=== Begin Enclosure ===

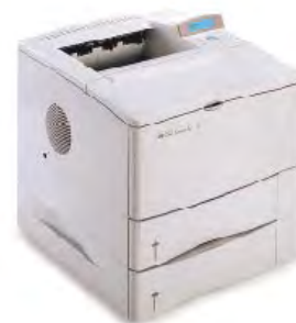
HP LaserJet 4000 T HP LaserJet 4000 TN
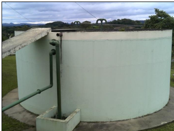
Figura 37: Reservatório Fragoso

Coordenadas geográficas: 26° 10 '29" S / 49° 23' 55" O
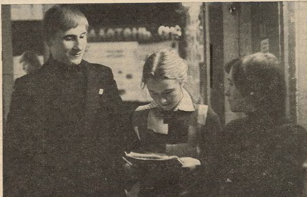
З творчым натхненнем пачалі заняткі студэнты факультэта журналістыкі ў другім семестры.
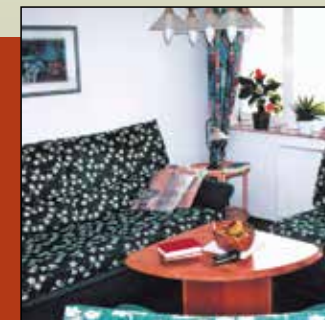
Wohlfühlen und entspannen können Sie sich in den komfortablen Ferienwohnungen.

Brötchenservice auf Wunsch ist für uns genauso selbstverständlich wie die Gästeabholung vom Bahnhof und Frühstück für Kurzurlauber.
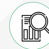
Investigación de siniestros
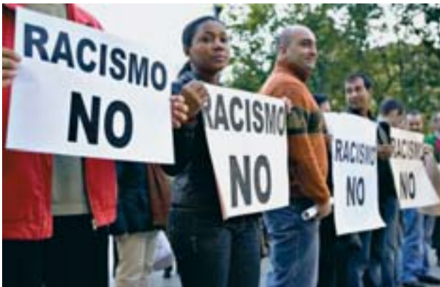
Manifestación contra el racismo, en San Sebastián.

Las organizaciones Amnistía Internacional (AI), Greenpeace e Intermón Oxfam presentaron conjuntamente ayer en Madrid 10 sugerencias sobre estos temas para que sean incluidas en los programas
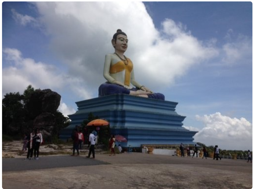
Tunnin ajomatkan päässä Villa Kep Resortista on 1.200 metriä merenpinnan yläpuolelle kohoava Bokor-vuori. Viikonvaihteissa vuoren Buddha-patsas on tuhansien kambodzalaisten retkikohde.
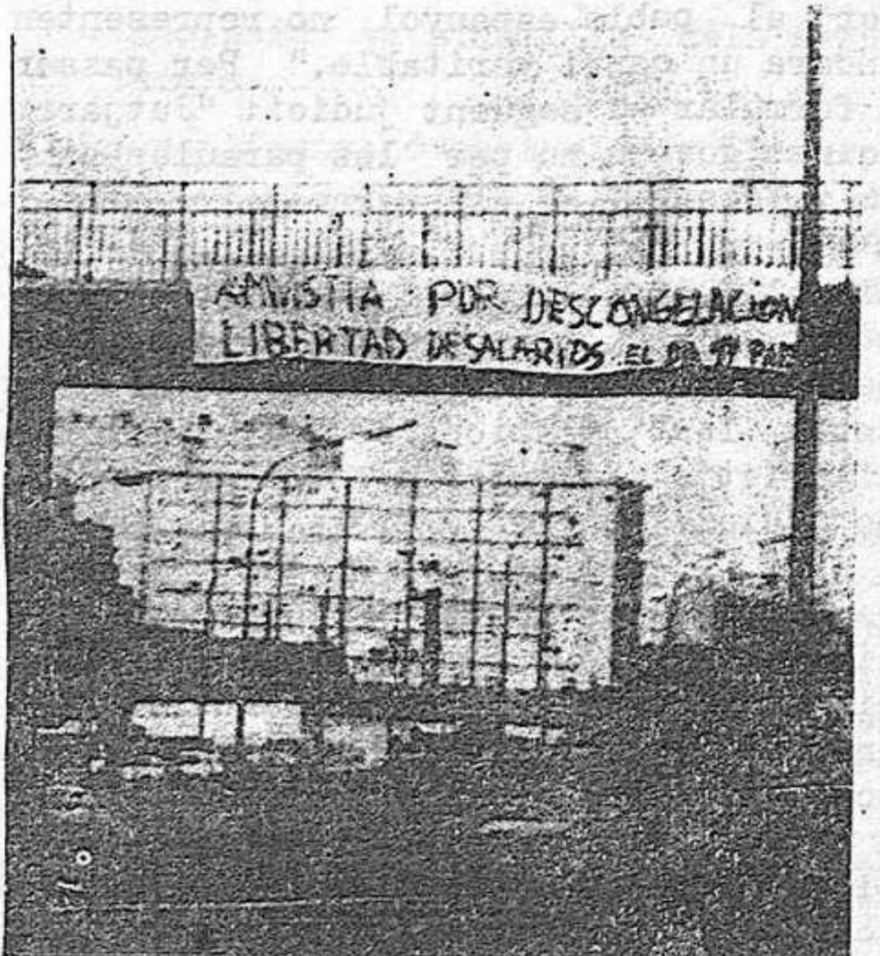
Pancarta a Barcelona (Meridiana)

Unes 250 persones van anar a Sindicats el dia 11 a lliurar un document per l'amnistia, contra el decret antiterrorista, contra la congelació salarial i per la readmissió dels despatxats de SAFA. Van penetrar al local sindical, on van fer un breu míting. A la sortida, manifestació pels carrers.

=== End Enclosure ===

# EXERCISE
Retype nothing except the lines from the first line of the listing above through the line with "Wohlfühlen und entspannen", exactly as they stand, and no pictures.

# RESPONSE BELOW
HP LaserJet 4000 T HP LaserJet 4000 TN
Figura 37: Reservatório Fragoso

Coordenadas geográficas: 26° 10 '29" S / 49° 23' 55" O
З творчым натхненнем пачалі заняткі студэнты факультэта журналістыкі ў другім семестры.
Wohlfühlen und entspannen können Sie sich in den komfortablen Ferienwohnungen.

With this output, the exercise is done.